Bij zwaar voorbehandelde patiënten met chronische lymfatische leukemie/kleincellig lymfocytair lymfoom (CLL/SLL) resulteerde behandeling met pirtobrutinib in een significante verbetering van de progressievrije overleving (PFS) vergeleken met idelalisib plus rituximab of bendamustine plus rituximab.

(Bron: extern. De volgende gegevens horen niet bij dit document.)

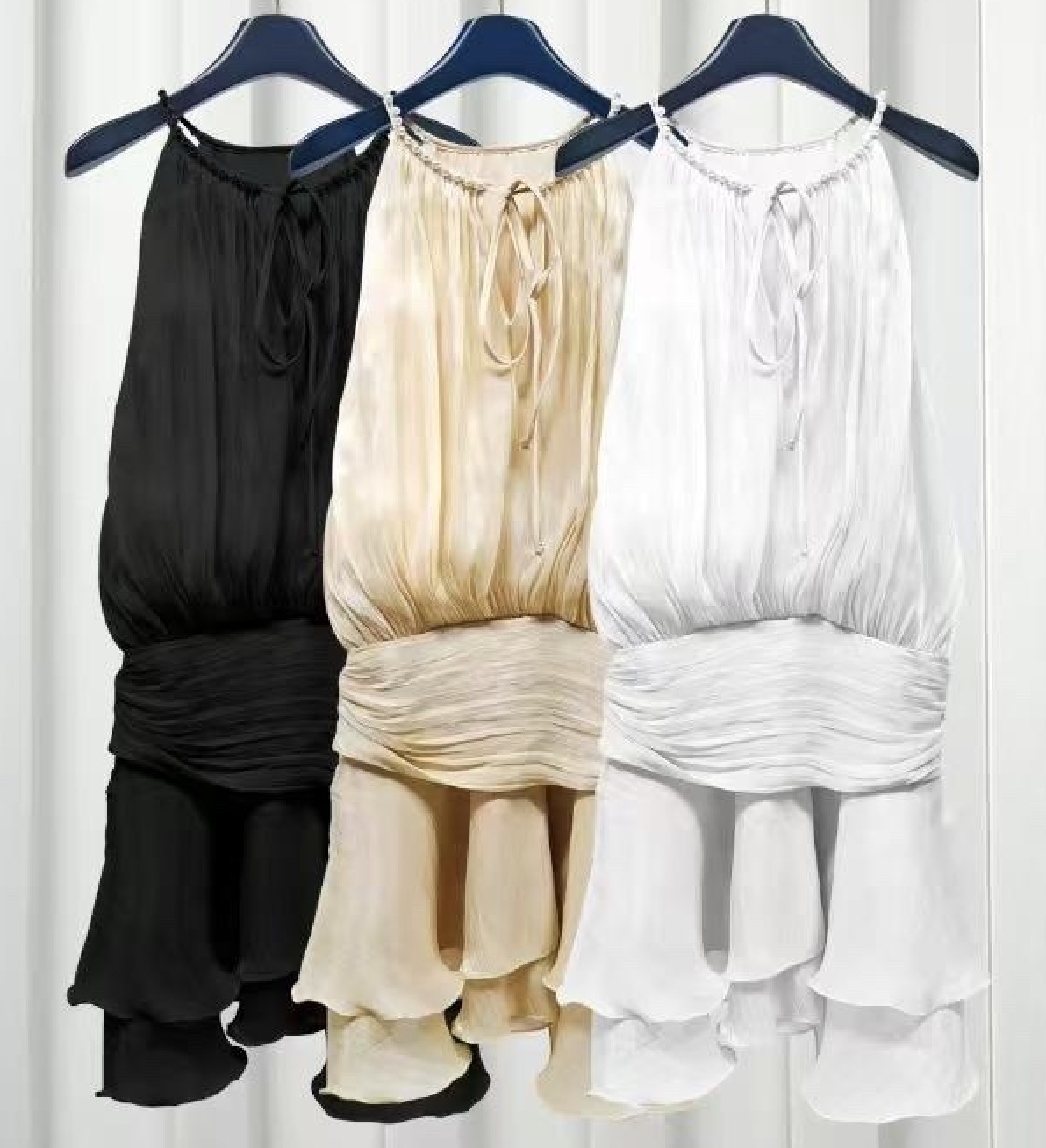 Light, airy, and effortlessly elegant — this layered chiffon mini dress is your go-to for summer parties, vacation evenings, or chic day looks. Designed with a flattering halter neckline and delicate tie detail, the dress flows into a relaxed, gathered waist and tiered ruffle hem. The pleated texture adds dimension and movement, making it both graceful and feminine.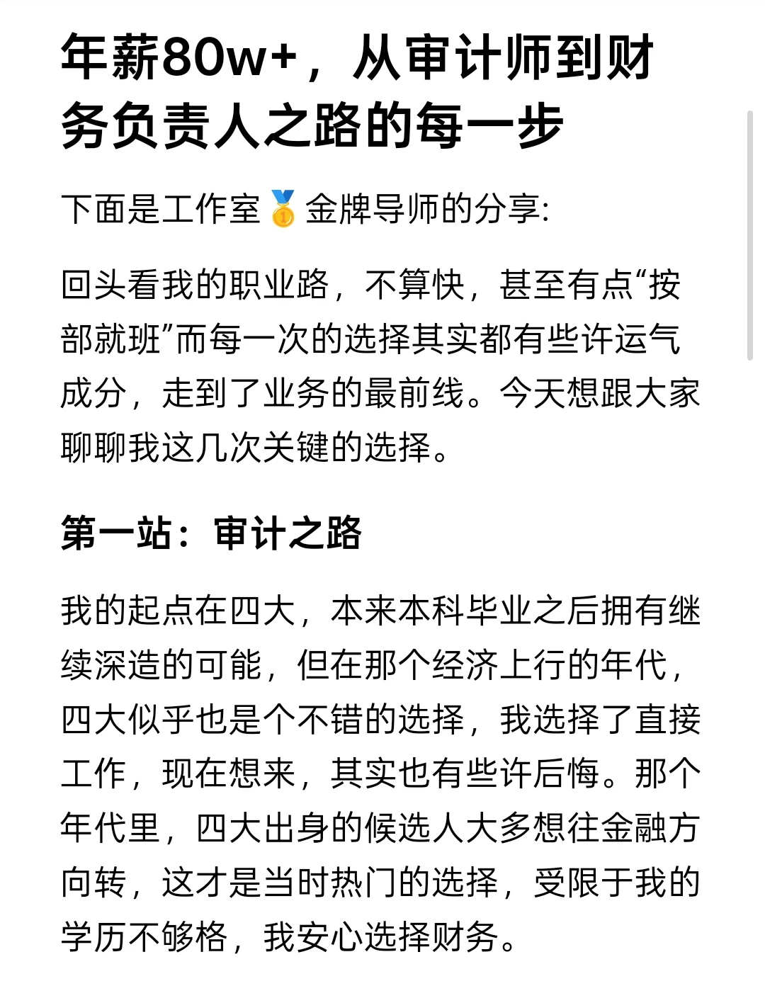 1. 开头别图快:四大这几年确实江河日下,但是财务的基本功,他是个好地方,值得蹲几年

Daarbij toonde pirtobrutinib een gunstiger veiligheidsprofiel.1
Patiënten met CLL/SLL die een terugval hebben na behandeling met covalente brutontyrosinekinaseremmers (cBTKi) hebben beperkte behandelingsopties. Pirtobrutinib, een zeer selectieve en niet-covalente (reversibele) BTKi, heeft een veelbelovende veiligheid en werkzaamheid aangetoond bij deze patiënten. De eerste resultaten van een gerandomiseerde fase III-studie, waarin pirtobrutinib werd vergeleken met een door de onderzoeker gekozen therapie (IC), zijn inmiddels beschikbaar.
In de BRUIN CLL-321-studie werden 238 patiënten uit 23 landen 1:1 gerandomiseerd naar pirtobrutinib (n = 119) of een door de onderzoeker gekozen therapie (IC), namelijk idelalisib plus rituximab (IdelaR, n = 82) of bendamustine plus rituximab (BR, n = 37).
Bij een mediane follow-up van 6,1 maanden was de PFS significant beter in de pirtobrutinib-groep dan in de IC-groep (HR 0,58; p = 0,01). Na een mediane follow-up van 11,6 maanden verbeterde de PFS verder (HR 0,55; p = 0,0007). Er zijn nog onvoldoende gegevens beschikbaar om conclusies te trekken over de totale overleving (OS).
De meest voorkomende treatment-emergent adverse events die optraden bij ten minste 15% van de patiënten in de pirtobrutinib-arm waren anemie (20,7%), pneumonie (19,8%), neutropenie (16,4%) en diarree (15,5%). In de IC-arm waren dat diarree (29,4%), pyrexie (25,7%), misselijkheid (20,2%), COVID-19 (18,3%), vermoeidheid (18,3%), verlaagd neutrofielenaantal (17,4%) en verhoogde ALT (17,4%).